- Music: Edvard Grieg adapted by: Robert Wright George Forrest
- Lyrics: Robert Wright George Forrest
- Book: Milton Lazarus and Homer Curran
- Productions: 1944 Broadway 1945 West End, London 1970 Film

= Song of Norway =

1944 operetta

Song of Norway is an operetta written in 1944 by Robert Wright and George Forrest, adapted from the music of Edvard Grieg and the book by Milton Lazarus and Homer Curran. A very loose film adaptation with major changes to both the book and music was released in 1970.

==Stage production==
Song of Norway was originally developed and presented in Los Angeles by Edwin Lester's Los Angeles Civic Light Opera in 1944, with essentially the same cast as seen later on Broadway. It was also performed in San Francisco. The show opened at the Imperial Theatre in New York on August 21, 1944, and ran for 860 performances. Charles K. Freeman directed while George Balanchine was responsible for the choreography. The sets, costumes, and lighting design was by Lemuel Ayers. while Lawrence Brooks starred as Edvard Grieg. The original Broadway cast featured Irra Petina as a fictional opera singer Louisa Giovanni and Kent Edwards as Elnar. The show featured dances, both ballet and Norwegian folk dances, performed by the Ballet Russe de Monte-Carlo. Maria Tallchief, one of the featured dancers, married Balanchine during the run of the show. Ballet dancer James Starbuck portrayed the roles of Freddy and Tito in the Broadway production.
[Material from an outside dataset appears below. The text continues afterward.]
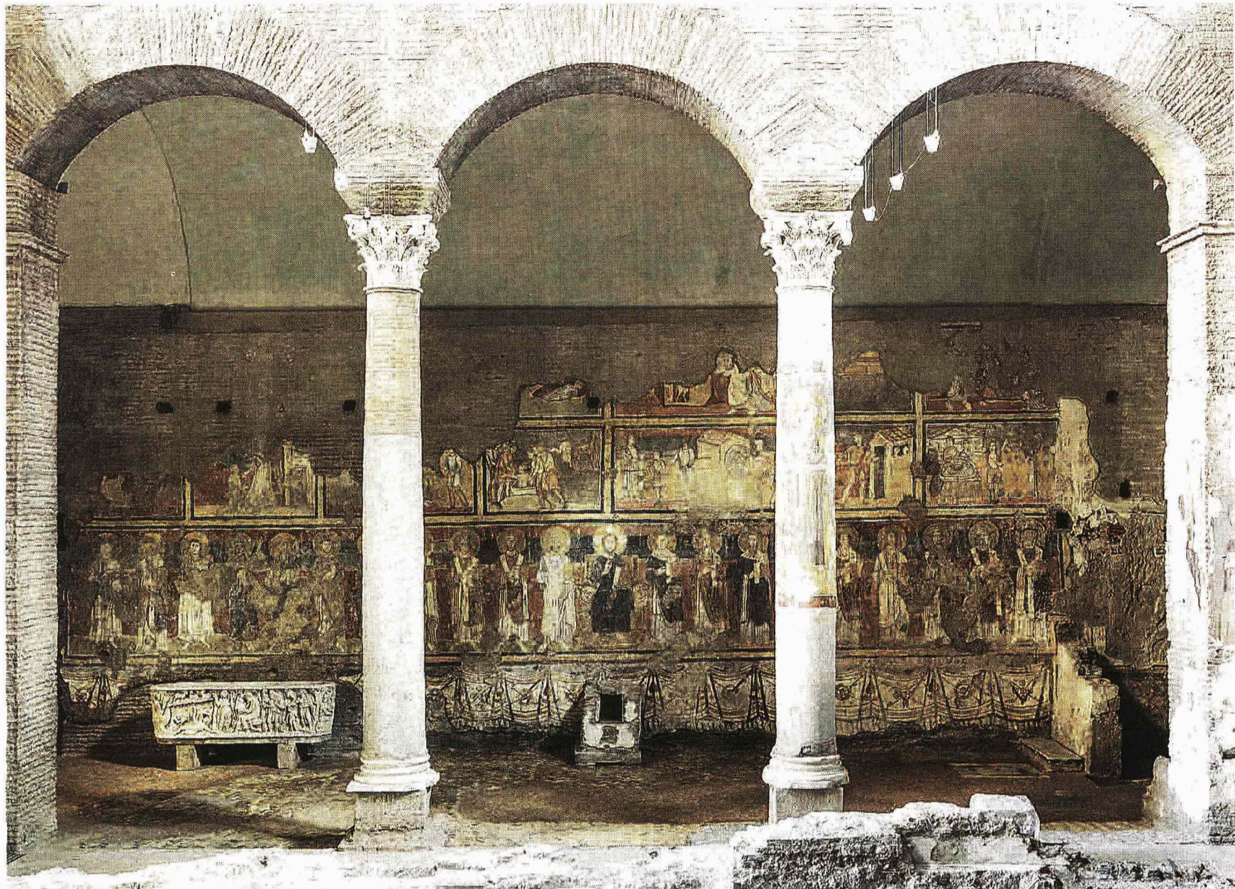
Schiera di beatitudine Navata est. Cristo tra i Padri della Chiesa orientali e occidentali e storie dell'Antico Testamento

Informazione, approfondimenti, gallery fotografiche e la mappa degli appuntamenti più importanti in Italia. È disponibile sull'App Store di Apple la nuova applicazione culturale del «Corriere della Sera Eventi». È gratis per 7 giorni.

It ran in London for 526 performances at the Palace Theatre, the first Broadway show to cross the Atlantic after the end of the Second World War.

==Story line==
The show is set in and around Norway in Troldhaugen and Bergen; as well as Copenhagen and Rome in and after 1860. It follows the fictionalized lives of three childhood friends: Edvard Grieg (played in New York by Lawrence Brooks), Nina Hagerup (Helena Bliss) and Rikard Nordraak (Robert Shafer). The play tells of the early struggles of Edvard Grieg and his attempts to develop an authentic Norwegian national music. Grieg dreams of being a great composer and these dreams are shared by his friend Nordraak and Grieg's sweetheart, Nina. Grieg is lured to Italy by the great prima donna Louisa Giovanni, but he finds he cannot create amid all the glitter and excitement and so returns to Norway and his beloved Nina to write his music.
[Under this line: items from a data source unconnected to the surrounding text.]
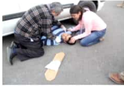
LOS REYES, MICH.- Agotado está el cupo para el curso de primeros respondientes.

Al final está previsto un macro simulacro en la plaza principal de la ciudad con prácticas de diferentes situaciones de urgencia médica, reiterando la invitación a la población en general a presenciarse y a no alarmarse por la presencia de un gran número de ambulancias y paramédicos en el lugar.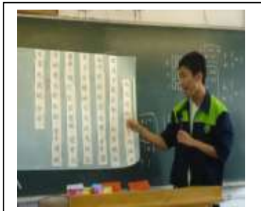
同學上台分享批改結果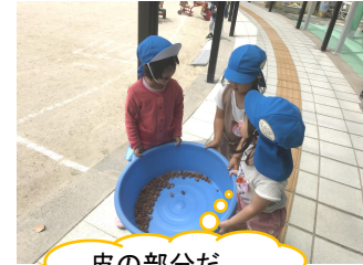
皮の部分だけを使うよ！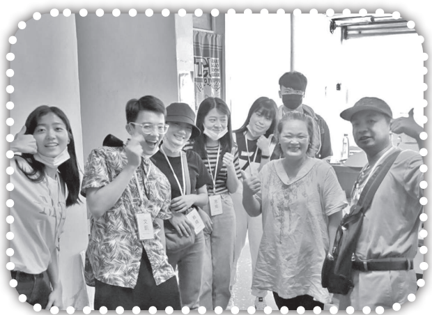
▲短宣隊探訪賴老師。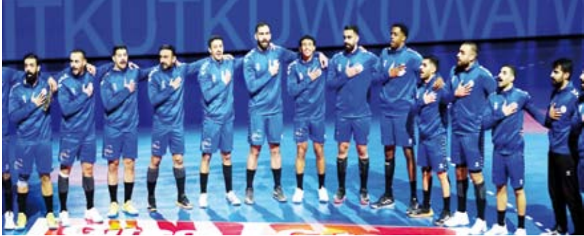
صورة جماعية لمنتخب الكويت لكرة اليد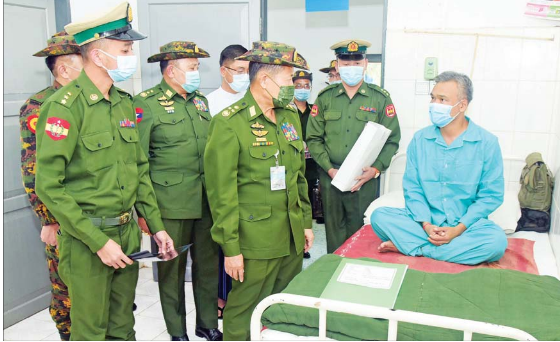
နိုင်ငံတော်စီမံအုပ်ချုပ်ရေးကောင်စီ ဒုတိယဥက္ကဋ္ဌ ဒုတိယတပ်မတော်ကာကွယ်ရေးဦးစီးချုပ် ကာကွယ်ရေးဦးစီးချုပ် (ကြည်း) ဒုတိယဗိုလ်ချုပ်မှူးကြီး စိုးဝင်း လှိုင်ကော်မြို့၊ တပ်မတော်ဆေးရုံ၌ တက်ရောက်ဆေးကုသမှု ခံယူလျက်ရှိသည့် စစ်သည်တစ်ဦးအား ရင်းရင်းနှီးနှီး ကြည့်ရှုအားပေးစကား ပြောကြားစဉ်။

နိုင်ငံတော်စီမံအုပ်ချုပ်ရေးကောင်စီ ဒုတိယဥက္ကဋ္ဌနှင့် ခရီးစဉ်တွင် လိုက်ပါလာသည့် နိုင်ငံတော်စီမံအုပ်ချုပ်ရေးကောင်စီဝင် ဦးစောဒန်နီယယ်၊ ဒုတိယဗိုလ်ချုပ်မှူးကြီး စိုးထွန်းနှင့် အဖွဲ့ဝင်များသည် ဖယ်ခုံမြို့နယ်ရှိ မြို့နယ်စီမံအုပ်ချုပ်ရေးကောင်စီအဖွဲ့ဝင်များ၊ ဌာနဆိုင်ရာ တာဝန်ရှိသူများအား နယ်မြေခံတပ်ဌာနချုပ်ခန်းမ၌ တွေ့ဆုံခဲ့ပြီး ၎င်းတို့၏ တင်ပြချက်များအပေါ် လိုအပ်သည်များ ညှိနှိုင်းဖြည့်ဆည်း ဆောင်ရွက်ပေးခဲ့ကြောင်း သတင်းရရှိသည်။

The melody of the Norwegian National Anthem, Ja, vi elsker dette landet was actually written by Rikard Nordraak to lyrics written by the Norwegian national poet, Bjørnstjerne Bjørnson. Although Nordraak was in fact the composer who wrote the national anthem, he was portrayed as a poet in the show because it was believed "two composers would be confusing".

==Music==

Songs include "Prelude & Legend" (based on Grieg's Piano Concerto in A minor), "Freddy and His Fiddle" (based on Norwegian Dance No.2), "Now" (based on Violin Sonata No. 2, and Waltz from Lyric Pieces), "Strange Music" (based on Wedding Day at Troldhaugen), "Midsummer's Eve" (based on One Balmy Summer Eve from Five Poems, Op.26, and Scherzo in E from Lyric Pieces), and "I Love You" (Ich Liebe Dich, from Melodies of the Heart, Op.5).

The original Broadway cast recording was released by Decca Records on 6 78-rpm 12 inch discs. Irra Petina was under contract to a competing record label (Columbia), so her part in the "original cast" was sung by Kitty Carlisle, who never actually played the part on Broadway. Decca later released a 331/3 rpm single disc LP, with some edits to fit the single-disc medium. In 2004, Decca finally released the full original album on CD. Columbia Records made a recording in 1959 of the Jones Beach production (which opened in June 1958) with Brenda Lewis and John Reardon, which was released on CD by Masterworks Broadway.